Unfortunately, all three of these sources of data – EMS call volume, ER visit volume, and lab test volume – are indirect methods for extrapolating the same information that is provided by the ER syndrome data. As such, it is more reliable to collect this information directly.
Blood, Dollars, and Confidentiality
Approximately four million people give blood each year. The donors represent all demographic groups and come from all areas of the country. In theory, if a small sample of each unit of blood donated were sent to a lab to be tested the general health of the community could be determined, more or less, by the results. Real-life experience, though, shows this seemingly logical plan to be unworkable.
There are numerous complex legal issues – involving consent and/or confidentiality, for example – governing any medical testing. There also are a large number of laws and regulations governing testing practices and the control of results. In addition, the agencies that collect blood may not be enthusiastic about participation in any data-collection effort. Concern about confidentiality of the test results may keep people away who otherwise might be willing to donate. The need for blood donations grows every year, and the agencies filling that need are not likely to do anything that might reduce the number of potential donors.
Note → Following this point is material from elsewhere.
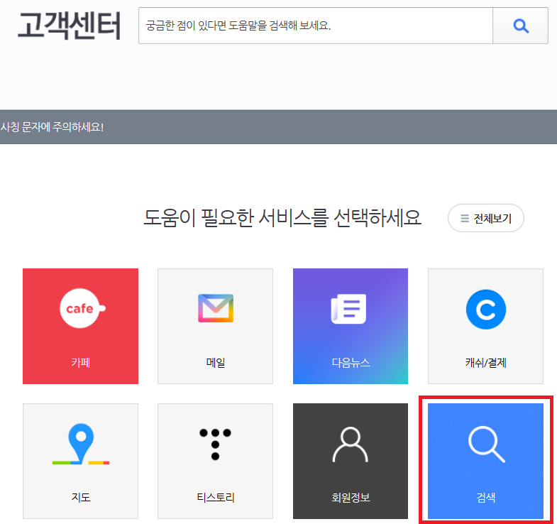 다음 사이트에서 고객센터 검색 후에 검색 -> 검색결과 미노출 -> 문의하기 순으로 클릭하여 글을 작성하는데 검색이 안되는 상태 사진을 캡쳐해서 첨부파일로 보내도 좋다.

There are other factors to be considered. One is that even a blood test that is sensitive enough to identify an infected patient in the first three days of infection would yield only a 26 percent chance of successfully detecting the disease. In addition, the time it takes for that detection would almost certainly be longer than the time it would take for the disease to manifest itself through the outbreak of symptoms (at which time the disease could be identified by other means). Finally, the overall cost of testing samples of all blood donated each year would be astronomical.
It is clear that the complicated amalgam of data and data sources, laws, regulations, and practical factors that come into play in fighting bio-terrorism presents a formidable challenge. Meeting that challenge is mandatory, though, because it presents the best hope for shortening the time between disease attack and disease discovery – and, therefore, for improving the chances for survival of those who are the victims of an attack. It should be understood, though, that efforts in this area can and should be complemented by improvements in the gathering of intelligence, more vigorous law enforcement, traditional diagnosis-based case tracking, and aggressive use of other homeland-defense assets and resources.